» Task to complete
Without any images, write the data out exactly as it appears.

» Available data

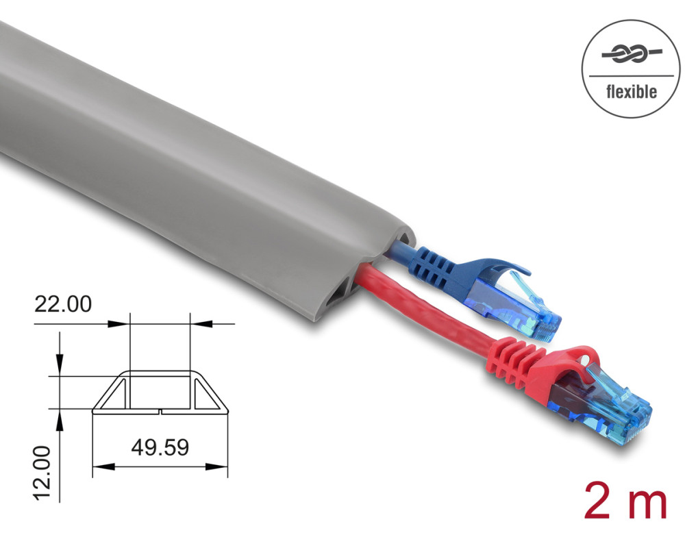 DELOCK κανάλι καλωδίων 20767 με αυτοκόλλητο, εύκαμπτο PVC, 50x14mm, 2m, γκρι
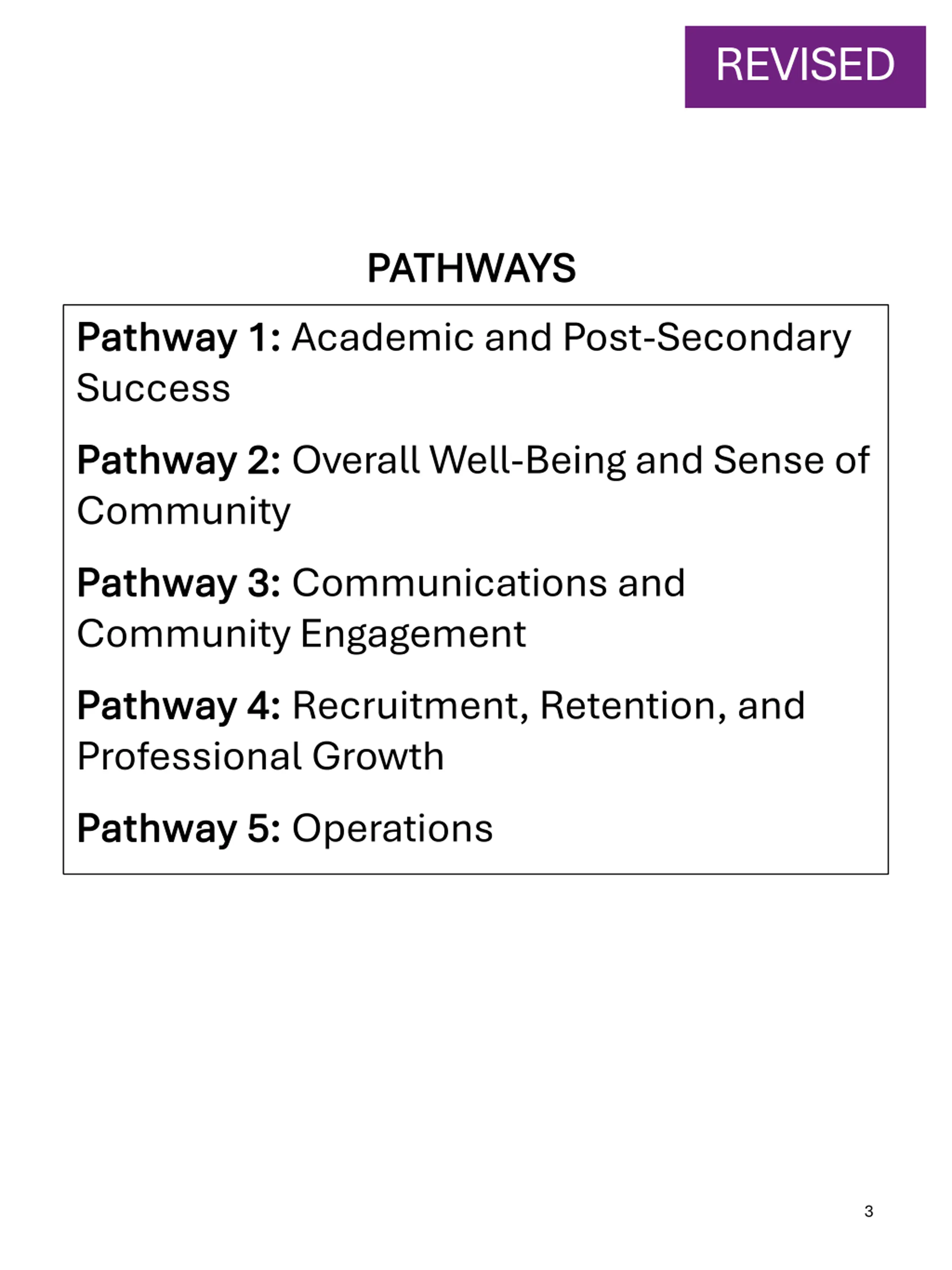 REVISED PATHWAYS PATHWAYS Pathway 1: Pathway 1: Academic and Post-Secondary Success Pathway 2: Pathway 2: Overall Well-Being and Sense of Community Pathway 3: Pathway 3: Communications and Community Engagement Pathway 4: Pathway 4: Recruitment, Retention, and Professional Growth Pathway 5: Pathway 5: Operations 3
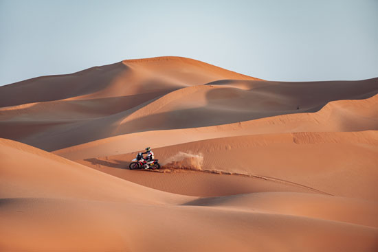 Franco Caimi: « I had some good fun on the bike today in the nice dunes of the Empty Quarter. A small mistake around 40 kms where I couldn’t find a waypoint cost me around 5 minutes. Anyhow, I could clear that in the end, and I’m happy to finish in the top-10 for the third consecutive stage – all thanks to the good rhythm I have achieved with my Hero 450! Looking forward to tomorrow, and the remaining 3 stages of the Rally. »

» Solution
 DELOCK κανάλι καλωδίων 20767 με αυτοκόλλητο, εύκαμπτο PVC, 50x14mm, 2m, γκρι
 REVISED PATHWAYS PATHWAYS Pathway 1: Pathway 1: Academic and Post-Secondary Success Pathway 2: Pathway 2: Overall Well-Being and Sense of Community Pathway 3: Pathway 3: Communications and Community Engagement Pathway 4: Pathway 4: Recruitment, Retention, and Professional Growth Pathway 5: Pathway 5: Operations 3
 Franco Caimi: « I had some good fun on the bike today in the nice dunes of the Empty Quarter. A small mistake around 40 kms where I couldn’t find a waypoint cost me around 5 minutes. Anyhow, I could clear that in the end, and I’m happy to finish in the top-10 for the third consecutive stage – all thanks to the good rhythm I have achieved with my Hero 450! Looking forward to tomorrow, and the remaining 3 stages of the Rally. »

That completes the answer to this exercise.